## Dataset section:
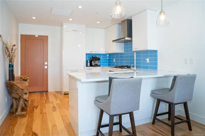 Perched above Westbay Harbour, this beautifully finished 1 bed, 1 bath condo offers a refined take on waterfront living, with serene water views and sparkling city lights from your private balcony. Thoughtfully designed with clean lines, high-end finishes, and a modern layout, the space feels both elevated and easy to live in. The meticulously planned kitchen caters to both aspiring chefs and seasoned hosts, appointed with premium Blomberg and Fisher & Paykel appliances. Steel and concrete construction speaks to lasting quality, while features like heating and cooling, heated bathroom floors, roller shade blinds, dimmable LED lighting, and access to EV charging stations add everyday comfort and convenience. With Marina Bay Café just downstairs, the Westbay Walkway minutes from your door, and dedicated kayak and bicycle storage with easy access to the water, this is a home that fully embraces its waterfront setting.
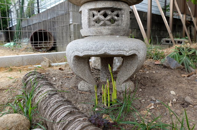 旅行から帰り庭に出ると、ナンと咲いてる(これから咲くのも含めて)所が3ヶ所もあった。いつも一番早く咲く三上さん側境界辺りには固まって咲いていた。後2ヶ所はまだこれからだが、ハッサクの木の下に移した石灯籠前に10株、境界フェンス前に4株ほど。丁度ここは楠の木の下辺り、これだけ土を掘り返してるのに意外としぶといんだ。
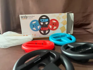 MÁS GANGAS EN MI PERFIL Pack Orzly Racing Wheel Party Pack para Nintendo Switch, totalmente nuevo. Incluye 4 volantes para jugar en grupo 🎮 🔹 4 volantes incluidos (rojo, azul y negros) 🔹 Compatibles con Joy-Con 🔹 Perfectos para Mario Kart y juegos de conducción 🔹 Diseño ligero y cómodo 🔹 Montaje rápido del Joy-Con 🔹 Marca Orzly (calidad buena) 📦 Caja original incluida 📌 Estado: NUEVO, sin uso Ideal para fiestas, familia, niños… o adultos
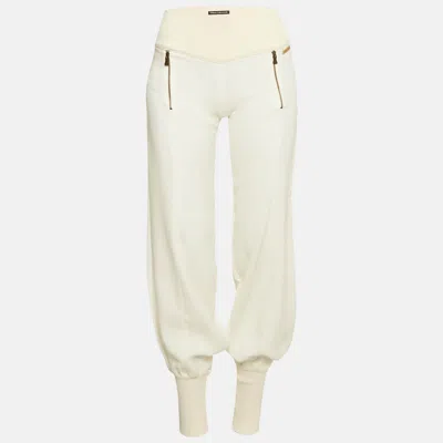 Pre-owned Chiffon And Rib Knit Trim Joggers S In White

## To do:
Do not include the images; transcribe the rest of the listing exactly.

## Written solution:
 Perched above Westbay Harbour, this beautifully finished 1 bed, 1 bath condo offers a refined take on waterfront living, with serene water views and sparkling city lights from your private balcony. Thoughtfully designed with clean lines, high-end finishes, and a modern layout, the space feels both elevated and easy to live in. The meticulously planned kitchen caters to both aspiring chefs and seasoned hosts, appointed with premium Blomberg and Fisher & Paykel appliances. Steel and concrete construction speaks to lasting quality, while features like heating and cooling, heated bathroom floors, roller shade blinds, dimmable LED lighting, and access to EV charging stations add everyday comfort and convenience. With Marina Bay Café just downstairs, the Westbay Walkway minutes from your door, and dedicated kayak and bicycle storage with easy access to the water, this is a home that fully embraces its waterfront setting.
 旅行から帰り庭に出ると、ナンと咲いてる(これから咲くのも含めて)所が3ヶ所もあった。いつも一番早く咲く三上さん側境界辺りには固まって咲いていた。後2ヶ所はまだこれからだが、ハッサクの木の下に移した石灯籠前に10株、境界フェンス前に4株ほど。丁度ここは楠の木の下辺り、これだけ土を掘り返してるのに意外としぶといんだ。
 MÁS GANGAS EN MI PERFIL Pack Orzly Racing Wheel Party Pack para Nintendo Switch, totalmente nuevo. Incluye 4 volantes para jugar en grupo 🎮 🔹 4 volantes incluidos (rojo, azul y negros) 🔹 Compatibles con Joy-Con 🔹 Perfectos para Mario Kart y juegos de conducción 🔹 Diseño ligero y cómodo 🔹 Montaje rápido del Joy-Con 🔹 Marca Orzly (calidad buena) 📦 Caja original incluida 📌 Estado: NUEVO, sin uso Ideal para fiestas, familia, niños… o adultos
 Pre-owned Chiffon And Rib Knit Trim Joggers S In White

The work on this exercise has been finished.